I knew very little about Alvin York, except that my grandfather, whose name was Alvin, always blamed the remarkable fame of Sgt York on the popularity of this previous unknown name. He said when he went to school there were thirty-four boys in his graduating class called Alvin. John Perry addresses this amazing renown. His exploits in the Argonne Forest became the stuff of legend, and the Gary Cooper biopic in 1941 muffed the facts a bit to give York more of a country background than actually he had. Many members of his extended family were quite erudite, and my grandfather always used to say that one of York's aunts had written the very first home economics textbook in English, predating Boston's Fannie Farmer by some years.

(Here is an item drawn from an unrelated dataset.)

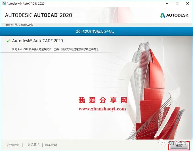 8.点击【完成】,程序列表中Autodsk AutoCAD 2020-简体中文(Simplified Chinese)就会自动消失了

Perry has a sincere way of writing, and the excitement doesn't let down when York comes back home a hero. You see him doing good works in the name of the Lord and, although many politicians and lawmakers were ever ready and anxious to buy up a piece of his ass, hoping to enlist him into one or another misbegotten crackpot scheme. To his credit York paid them no mind and just continued on his humble way. As with his life of Mary Lee, Perry shows how a good writer concentrates on the facts and lets the legend go its own way, like a small boy cutting the string to a kite and waving it goodbye. The truth is, what becomes a myth is something we have no control over, and Perry acknowledges this with good grace and a wry smile.
Highly recommended not only to Tennesseans and to Christians, but to everyone out there interested in a good life story.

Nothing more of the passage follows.